Kevin Hellman, Publisher at San Diego City Beat says, “Not yet. My editorial staff would likely quit en mass.” Others believe their readers wouldn’t dig it. “No,” says Alec Binyon, Advertising Manager at the Chico News & Review, “Our readers wouldn’t appreciate it.” Other papers, like the San Francisco Bay Guardian, have found a happy medium with cover flaps and wrap-arounds.
While over half report they have not run ads on the front covers yet, 67% said they would and will when opportunity knocks, as long as the price is right. “Yes” declares Jane Smith, Advertising Director at Willamette Week, “but at a high cost – if we are going to be whores, we’ll at least be high priced whores.” There were, however, 14% who are against it and said not only do they not run ads on the cover currently, they will not do so in the future. The jury’s still out for about 20% of AWN publications (based on our decidedly unscientific poll).
When asked, if you do run front cover ads, what kind of ads do you run?
(cover wraps, sticky notes, peel-backs, regular modular display ads)
Here’s a breakdown of the results:
any/all = 24%
cover wraps (or partial wraps) = 19%
sticky notes = 38%
display ads = 38%
Sean Hitchcock, Ad Director at the Hartford Advocate, says, “Only modular strip ads though we don’t offer any variation from the one size. Ad Notes aren’t cheap to produce, and interfere with the cover image, so it made sense to do a strip across the bottom, make more profit and have cleaner covers. We still do Ad Notes, but only for specific clients. We also try our best to avoid cover strip ads and Ad Notes on the same issue.”

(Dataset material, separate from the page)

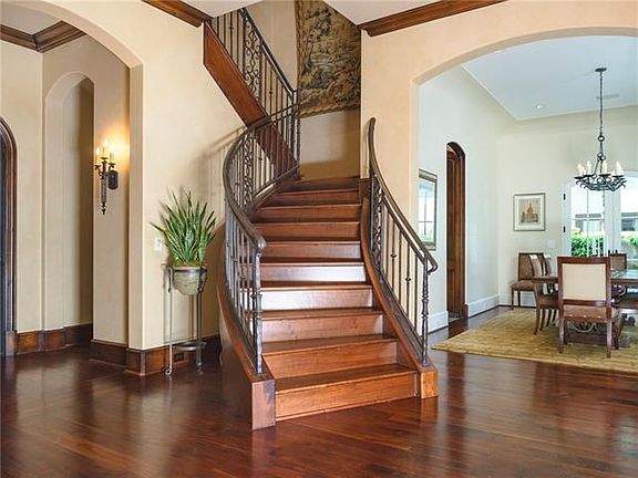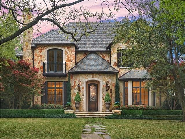 Evoking the warmth and sophisticated architecture and design, this 6,100 square foot custom home strikes the perfect balance of comfortable luxury living and impeccable style. Nestled beneath a canopy of mature trees in the middle of the fairway in University Park, the 5 bedroom, 6.5 bath estate boasts a rich stone exterior, saltwater sport pool, 336-bottle wine room and extraordinary indoor/outdoor spaces built to entertain.Inside a captivating scene unfolds with sweeping formal staircase (2nd staircase in back), gleaming walnut floors and a gracious, open floor plan. Gourmet chef's kitchen is adorned with gorgeous slab granite counters and center island, Asko dishwasher, two Fisher Paykel drawer dishwashers, Wolf 5' double oven range, SubZero refrigerator/freezer, large island with drawer microwave, prep sink and disposal. A charming dining nook and sitting area offer sundrenched views, accompanied by a large butler's pantry that makes serving a breeze. Conveniently located, it leads to a nearby formal dining room with French doors that open to a private patio with built-in water feature. The family room just off the kitchen with 7.1 surround sound offers three sets of French doors that open to a large covered patio with outdoor Wolf grill and stone fireplace - ideal for intimate gatherings or large social events. Host a tasting in the walk-in 336 bottle wine room (plus 24 big format) with separate wet bar, or take the party upstairs to the large game room/home theatre with 5.1 surround sound 60" TV, built-in custom cabinets, wet bar, refrigerator, pool table and balcony overlooking the manicured backyard. Retreat to the oversized master suite for a private oasis of calm, lavishly appointed bath with arched double door entry, and high-end stone and marble finishes in spa bath with his/hers closets, luxurious steam shower, porcelain spa tub, separate vanity and custom coffee bar with sink. A handsome study on the first floor is equally impressive with wood paneled walls and custom built-in desk and cabinets.A 3-car garage with lit work desk, built-ins, storage and outdoor basketball goal in the driveway allows you to keeping things organized and shoot hoops between projects. Additional upgrades include a large utility room with laundry chute, granite slab counters and backsplash, and a workout room wired and plumbed for upstairs laundry and framed for door to master (potential nursery if desired). Five custom-made outdoor gas lamps, Bonick landscape designed and constructed exterior, beautiful masonry rock walls, and grade beam foundation for privacy and quiet ensure first-class outdoor gatherings with family and friends. Everyone will love the sport pool made for swim jets, water basketball, volleyball and separate spa. Central vacuum with "sweep in" feature in kitchen and master bath, and built-in mosquito mister system are an added bonus. HVAC: Three 19 SEER condensers for maximum efficiency and economy; rigid ducting and four separate zones upstairs, Maximum heating and 30+ degree cooling with lower than average utility billings, Trane Clean Effects plus UV on all HVAC for pure interior air without allergens, virus or germs, 2-piece wine room cooling and conditioning system. ELECTRIC SYSTEM: Lutron home system, Natural gas generator runs refrigerators, TV, HVAC, hot water and some lights without public power, Netscape whole house and exterior sound, 2 cameras on exterior, Whole house alarm system. WATER SYSTEM/PLUMBING: Whole house conditioned and filtered water without salt, Whole house reverse osmosis pure water system on cold side with separate valves in bathrooms and wet bars, Separate water meters for house and yard, Four in-line water heaters for instant, unlimited hot water for all bathrooms, kitchen, utility room.

This also is apparently an area of debate with cover designers. It seems to be the general consensus that an ad that can be removed from the cover, like a sticky note or wrap, is less intrusive and less distracting of the cover design.
Once we determined who would not want to run ads on the front cover, we asked that group what it would take to change their mind. The question: “What’s it going to take to get your ad on my cover today?” We received answers like, “forcing”, “A lot of F*ing money”, “placement premium”, and “frequency commitments.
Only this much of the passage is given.